_SUPPLIED DATA:_
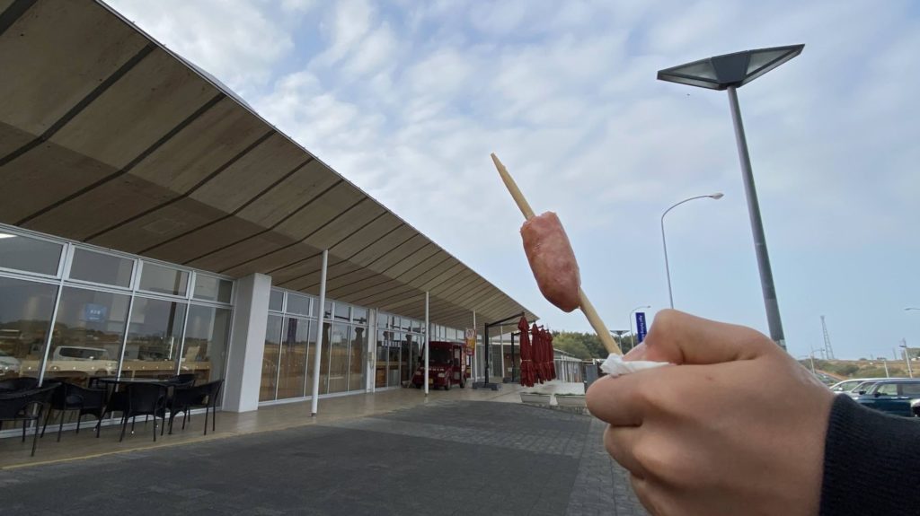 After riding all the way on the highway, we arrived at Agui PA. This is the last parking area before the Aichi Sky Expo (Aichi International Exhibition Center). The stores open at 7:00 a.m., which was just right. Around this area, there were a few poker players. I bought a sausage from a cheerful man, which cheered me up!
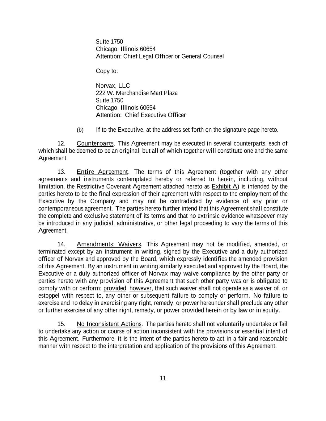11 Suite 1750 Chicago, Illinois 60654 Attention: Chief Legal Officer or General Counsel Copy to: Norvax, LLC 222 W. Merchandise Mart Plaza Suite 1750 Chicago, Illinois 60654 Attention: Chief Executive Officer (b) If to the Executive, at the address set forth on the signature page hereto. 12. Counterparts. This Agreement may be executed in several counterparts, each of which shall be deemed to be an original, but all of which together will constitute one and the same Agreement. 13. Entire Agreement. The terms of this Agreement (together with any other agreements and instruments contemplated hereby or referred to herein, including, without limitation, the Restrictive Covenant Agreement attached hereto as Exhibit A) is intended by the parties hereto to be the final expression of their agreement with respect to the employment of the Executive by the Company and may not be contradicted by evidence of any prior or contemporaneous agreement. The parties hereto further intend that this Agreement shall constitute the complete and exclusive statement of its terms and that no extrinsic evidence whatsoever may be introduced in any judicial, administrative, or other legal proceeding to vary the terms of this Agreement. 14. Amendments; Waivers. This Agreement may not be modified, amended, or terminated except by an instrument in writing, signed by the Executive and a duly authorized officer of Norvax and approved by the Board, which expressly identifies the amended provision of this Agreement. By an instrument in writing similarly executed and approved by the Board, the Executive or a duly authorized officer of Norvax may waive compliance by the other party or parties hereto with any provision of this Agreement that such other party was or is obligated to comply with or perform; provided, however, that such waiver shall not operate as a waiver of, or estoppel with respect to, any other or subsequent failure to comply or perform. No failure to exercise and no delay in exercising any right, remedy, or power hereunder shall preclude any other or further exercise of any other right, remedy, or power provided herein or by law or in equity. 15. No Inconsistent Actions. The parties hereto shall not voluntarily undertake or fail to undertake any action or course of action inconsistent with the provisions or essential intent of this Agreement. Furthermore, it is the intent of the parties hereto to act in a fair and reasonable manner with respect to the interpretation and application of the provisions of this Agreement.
...
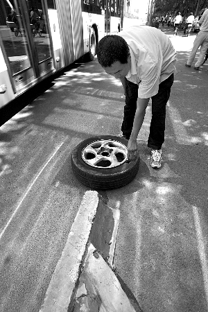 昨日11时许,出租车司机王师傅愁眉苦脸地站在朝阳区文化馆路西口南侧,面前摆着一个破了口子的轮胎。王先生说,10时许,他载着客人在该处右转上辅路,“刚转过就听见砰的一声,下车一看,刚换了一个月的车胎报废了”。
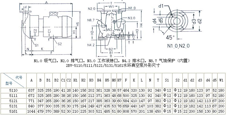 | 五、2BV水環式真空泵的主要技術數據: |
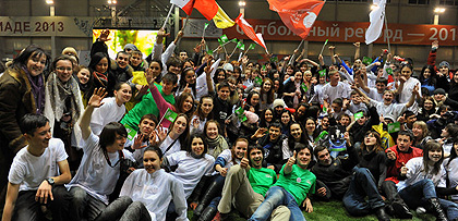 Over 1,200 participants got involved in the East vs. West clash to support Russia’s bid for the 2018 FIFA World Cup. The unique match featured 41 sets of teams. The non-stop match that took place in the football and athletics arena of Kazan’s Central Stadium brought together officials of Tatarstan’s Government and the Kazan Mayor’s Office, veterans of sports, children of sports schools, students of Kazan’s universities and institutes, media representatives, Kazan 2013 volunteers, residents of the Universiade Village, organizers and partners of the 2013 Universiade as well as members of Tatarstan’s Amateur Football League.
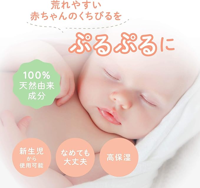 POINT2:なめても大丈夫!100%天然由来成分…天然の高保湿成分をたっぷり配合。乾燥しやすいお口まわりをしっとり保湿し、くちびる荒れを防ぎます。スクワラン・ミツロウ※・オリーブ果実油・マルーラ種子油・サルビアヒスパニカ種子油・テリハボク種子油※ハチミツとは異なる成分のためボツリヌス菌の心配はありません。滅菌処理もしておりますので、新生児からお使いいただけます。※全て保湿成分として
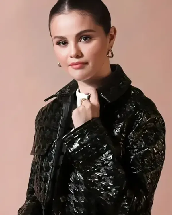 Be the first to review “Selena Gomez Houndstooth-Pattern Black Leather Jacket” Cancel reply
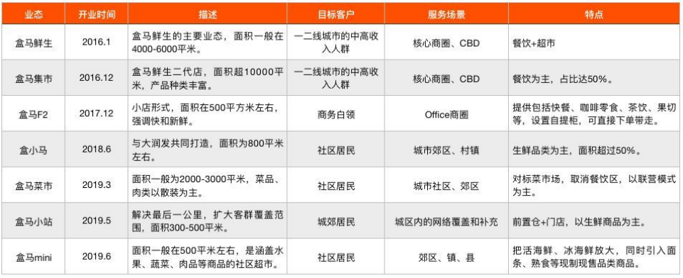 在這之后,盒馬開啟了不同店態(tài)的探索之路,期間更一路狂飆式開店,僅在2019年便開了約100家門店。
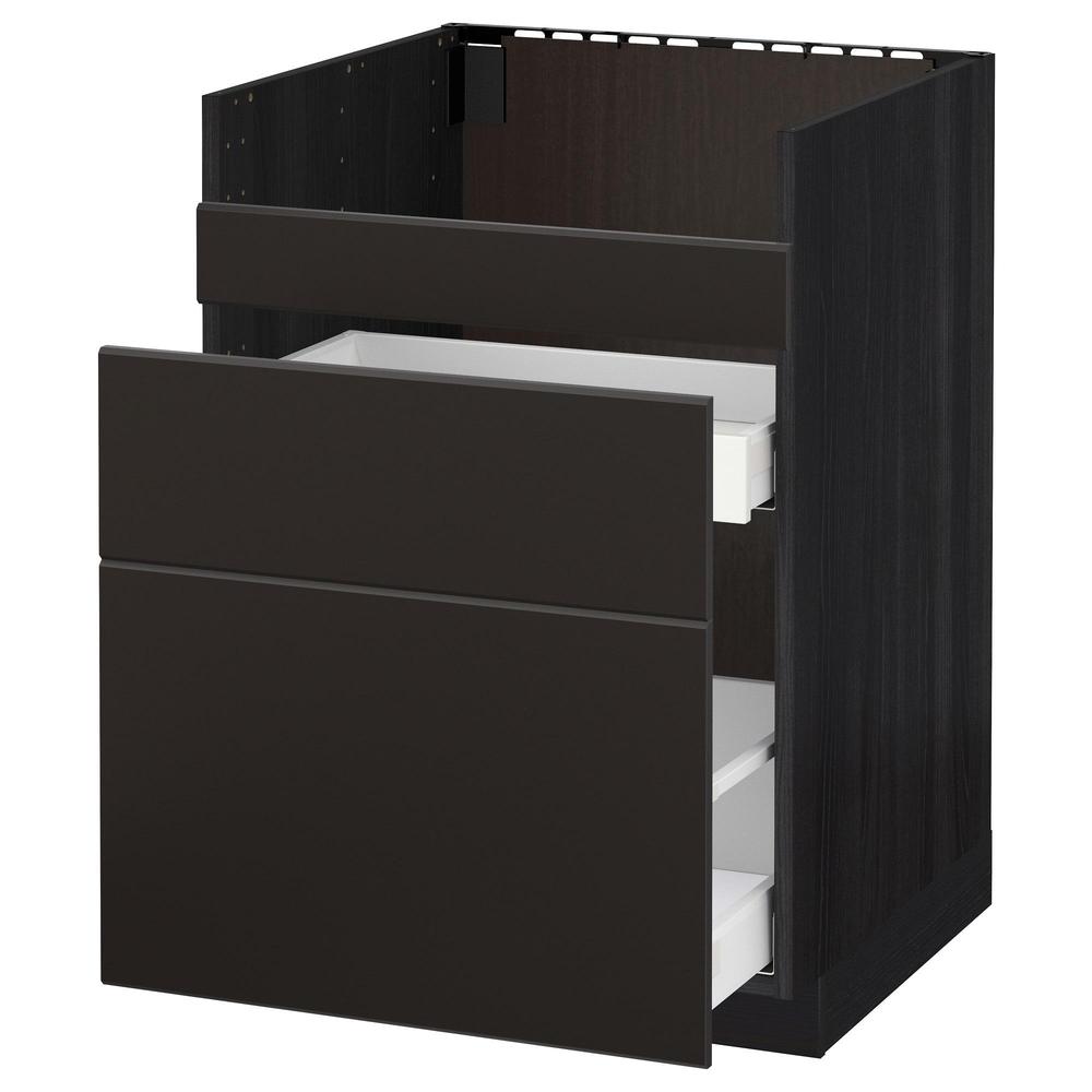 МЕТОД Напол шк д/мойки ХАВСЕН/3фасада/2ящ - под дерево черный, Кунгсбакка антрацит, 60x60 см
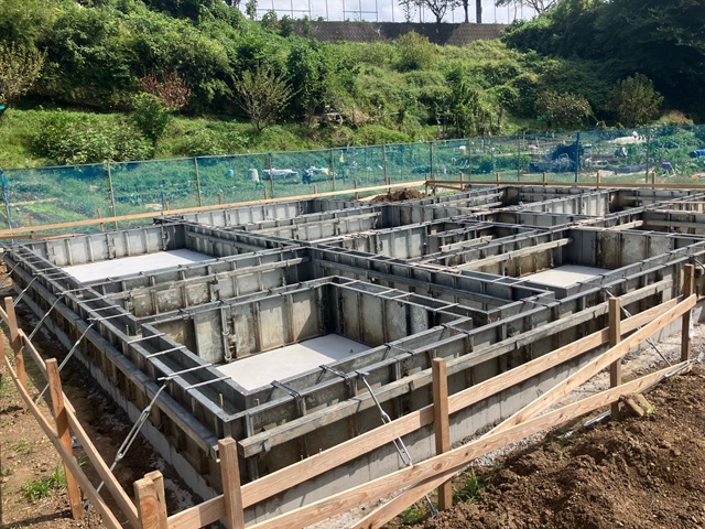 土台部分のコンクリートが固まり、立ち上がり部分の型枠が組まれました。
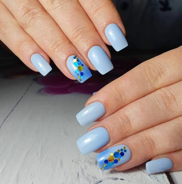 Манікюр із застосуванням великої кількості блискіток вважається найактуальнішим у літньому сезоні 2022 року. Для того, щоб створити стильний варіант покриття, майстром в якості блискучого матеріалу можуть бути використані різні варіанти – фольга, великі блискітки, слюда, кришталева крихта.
...
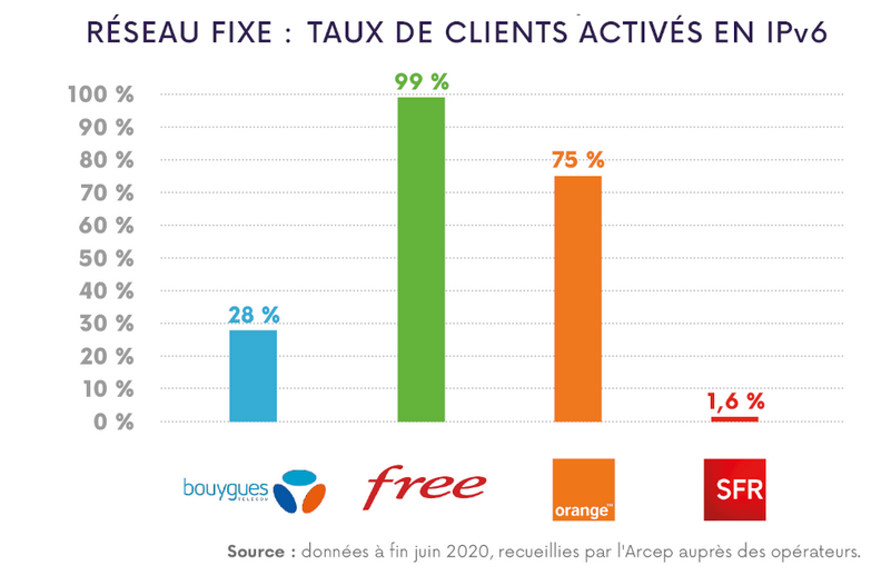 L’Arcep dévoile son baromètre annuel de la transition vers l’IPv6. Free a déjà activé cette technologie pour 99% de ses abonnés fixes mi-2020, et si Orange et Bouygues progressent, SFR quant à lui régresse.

_PROBLEM TO WORK ON:_ Would you restate, exactly and with no pictures, the lines of the entries above from the one containing "在這之后,盒馬開啟了不同店態" through the one containing "Манікюр із застосуванням"?

_EXERCISE OUTPUT:_
 在這之后,盒馬開啟了不同店態(tài)的探索之路,期間更一路狂飆式開店,僅在2019年便開了約100家門店。
 МЕТОД Напол шк д/мойки ХАВСЕН/3фасада/2ящ - под дерево черный, Кунгсбакка антрацит, 60x60 см
 土台部分のコンクリートが固まり、立ち上がり部分の型枠が組まれました。
 Манікюр із застосуванням великої кількості блискіток вважається найактуальнішим у літньому сезоні 2022 року. Для того, щоб створити стильний варіант покриття, майстром в якості блискучого матеріалу можуть бути використані різні варіанти – фольга, великі блискітки, слюда, кришталева крихта.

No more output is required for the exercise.